Кто боится этого доброго волка, сидящего у нее на кровати?
Темные глаза Лу мгновенно теплеют, краешек рта загибается кверху. Он тянется к ней, обнимает ее.
–
– Да! Лу! Я серьезно! Тебе не кажется, что у меня и так столько всего сейчас происходит? Считаешь, я буду что-то такое выдумывать, чтобы развлечься? – Она суетливо убирает волосы с лица.
– А ты хочешь этого ребенка? – осторожно спрашивает Лу. – Сразу скажу, что я бы хотел оставить его… если ты хочешь.
–
Они все молчат и молчат, но церковные колокола звонят.
– Тебе… безразлично, – прерывает молчание Лу. – И больше ты ничего об этом не скажешь?
– Безразлично? Нет! Я на долю секунды перестала плакать, и ты подумал, что мне безразлично? Так спешишь осудить мои чувства, а я даже еще не знаю, что чувствую! И кто так говорит? Безразлично?
– Прости. Пожалуйста… Просто я разучился тебя понимать, – говорит он. – Но если ты вместе с ребенком сбежишь в Италию, я ничего не смогу сделать. Ты исчезнешь, и я больше никогда не увижу тебя… вас обоих. – Он обхватывает голову руками.
– Лу… почему ты считаешь, что я… способна на такое? Как я могу так поступить?
Как же она устала. Хочется есть, и одновременно ощущение полного живота, кружится голова. Даже болит. Она помнит все эти ощущения с тех времен, когда была беременна Колмом и Олив. С Колмом они продолжались целых пятнадцать недель. С Олив было легче, или она постепенно привыкла, точно она не знала.
– И если оставлю… ты молодой… это будет мое решение, а от тебя я ничего не ожидаю. Мне не нужны твои деньги, и тебе не придется… ничего делать. Вот был бы ты старше! Я просто не могу не чувствовать, что краду у тебя время. Прости, но это так. Полный сумбур, – говорит Винсент.
Язык плохо ее слушается. И кажется, что она говорит о чьей-то еще жизни. Слова сказаны, но ни на слух, ни по ощущениям не воспринимаются как обозначающие реальность, которую ей предстоит осознать и в которой предстоит разобраться.

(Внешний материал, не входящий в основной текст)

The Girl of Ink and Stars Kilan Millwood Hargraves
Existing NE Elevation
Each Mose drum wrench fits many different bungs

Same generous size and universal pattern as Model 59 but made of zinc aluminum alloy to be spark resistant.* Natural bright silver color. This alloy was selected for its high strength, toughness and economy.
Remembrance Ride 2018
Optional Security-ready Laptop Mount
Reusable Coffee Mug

Она уже отъединилась от ребенка, хотя бы на время, чтобы на практике увидеть и почувствовать эту реальность.
– Необязательно, чтобы был сумбур. Мы можем взглянуть на это по-другому. Изменить свой возраст я не могу, поэтому не знаю, что говорить, когда ты яростно гонишь меня прочь, – говорит Лу. Лицо у него печальное. Настолько, что она плачет.

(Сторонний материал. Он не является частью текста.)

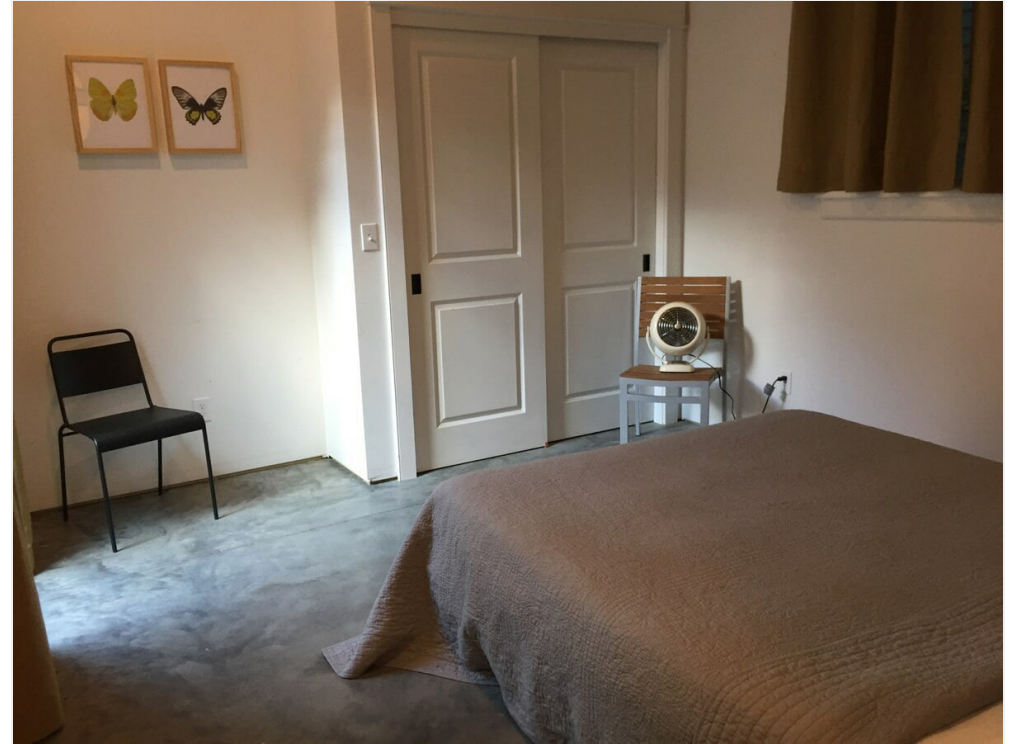
747 1/2 Columbia St - 2+ Bedroom - Unit 2

– Помнишь, мы ехали на поезде в Лондон и я сказала тебе, что это будет как в трагедии… как в одной из тех старинных, написанных мужчинами книг, где женщина заводит любовника, занимается сексом для удовольствия и в конце умирает? С такими, как я, у вселенной разговор короткий. Это что-то вроде наказания. Беременна в сорок четыре года… в сорок пять рожать. И начинай все сначала. Даже не верится, если честно, что все это на самом деле. Я… мы натворили дел. Этим все сказано, – говорит она и лежащей возле ее ноги смятой салфеткой вытирает нос, промокает глаза.
Лу ложится на кровать и смотрит в потолок. Она спрашивает, о чем он думает.
– Не знаю.
– Лу, я ведь люблю тебя. Это как-то потерялось среди всего прочего, но зато правда. Люблю.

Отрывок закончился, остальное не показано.